MyNoise

Source: Wikipedia, the free encyclopedia.

MyNoise
Developer(s)Dr. Ir. Stéphane Pigeon
Websitemynoise.net

MyNoise (stylised as myNoise) is a white noise website and app created by Stéphane Pigeon. It offers many different natural soundscapes, as well as synthetic noises such as white noise.

History

MyNoise was created in 2013[1][2] by Stéphane Pigeon, a Belgian audio processing engineer, sound designer,[3][4] and electrical engineer.[2] By April 2016, the website was one of the top 10,000 visited websites in the United States.[1] In 2018, it received a million page views per month.[2] Pigeon personally records soundscapes for the website, such as rainfall, wind, and thunder.[3][5] Soundscapes can be blended together by users to create a personalised experience.[6] There are also various synthetic noise generators, such as white noise.[5] The app also allows users to conduct a hearing test to optimise the sound generators for their environment.[7] The sound generators are separated into frequencies or specific sounds, allowing users to refine the soundscapes to their tastes.[4][8]

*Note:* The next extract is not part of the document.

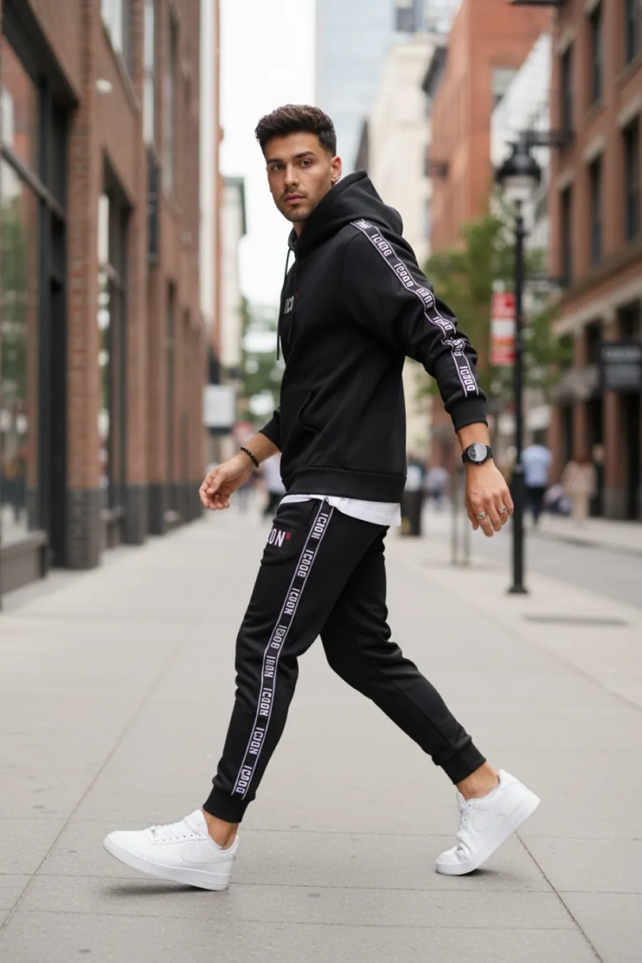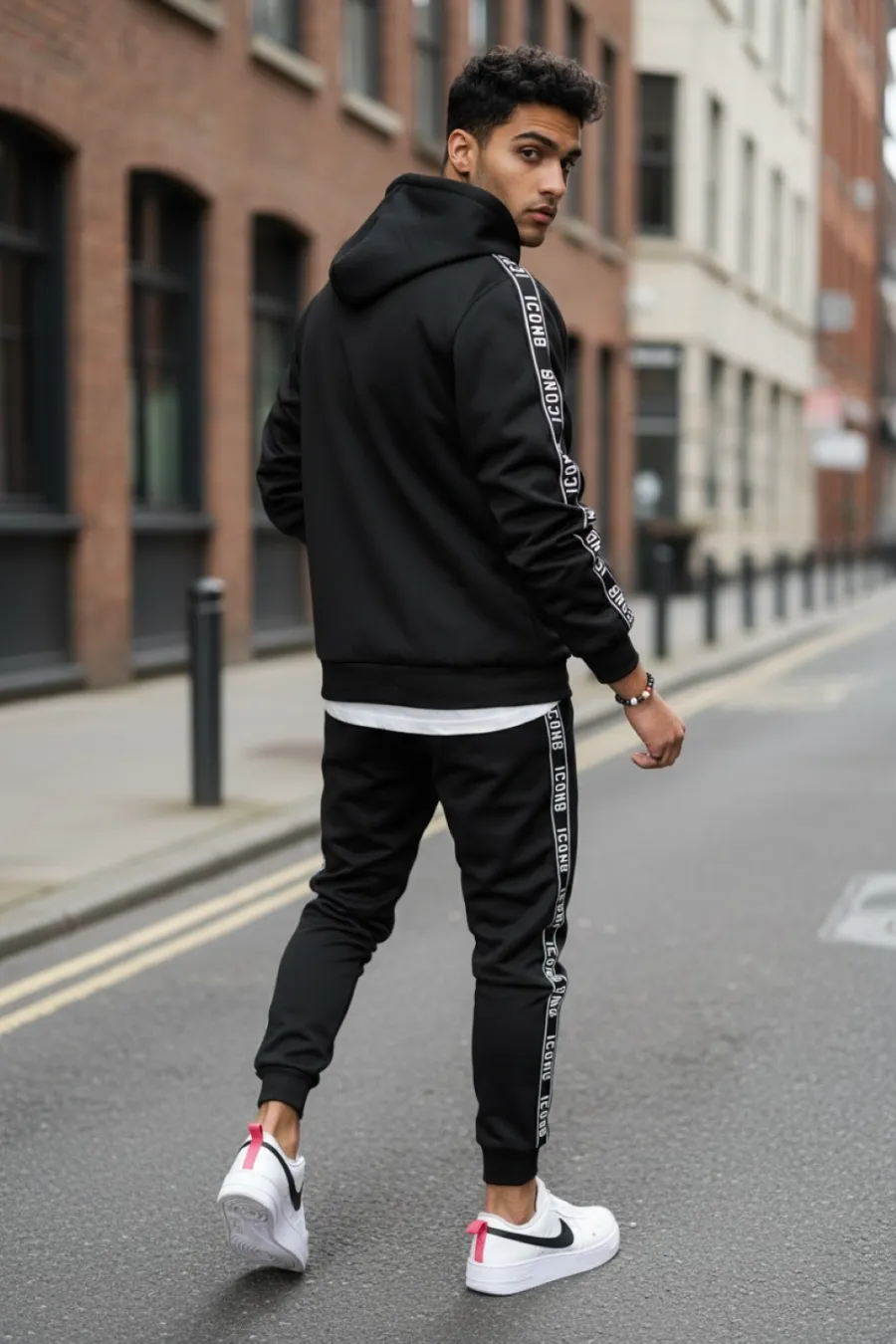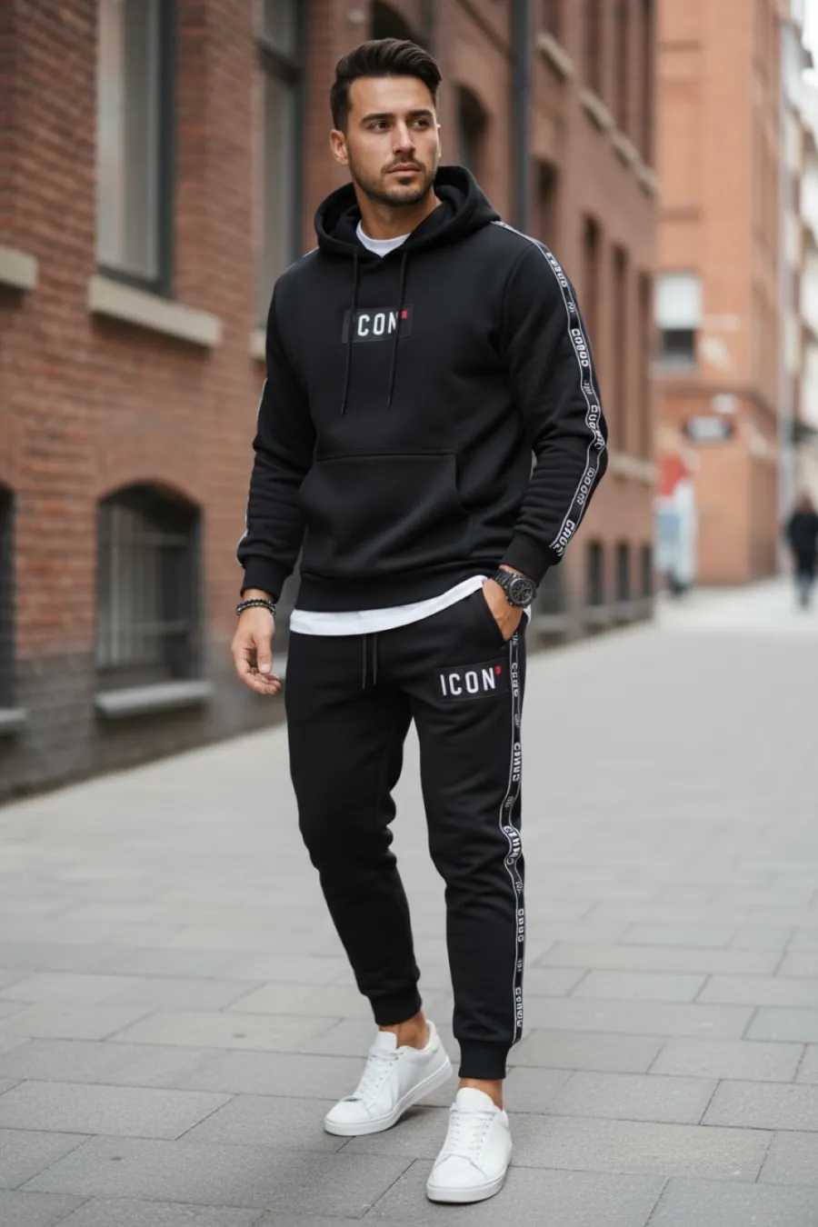 Trening barbati slim fit negru, Pantaloni + Hanorac 5041 i15-3.1

Development on an Android version of MyNoise began in April 2015, with an early beta becoming available in October of that year and the completed app releasing in January 2017. The app was redesigned during 2023 due to changes to Android; it re-released in December 2023.[1] An iOS app was released in 2014.[1] The mobile versions of MyNoise have some free soundscapes, but offer a bundle of more for $10.[9][10] The web version is mostly free, but some features can be unlocked with a one-time donation.[6] All donations go towards running the website and app.[2]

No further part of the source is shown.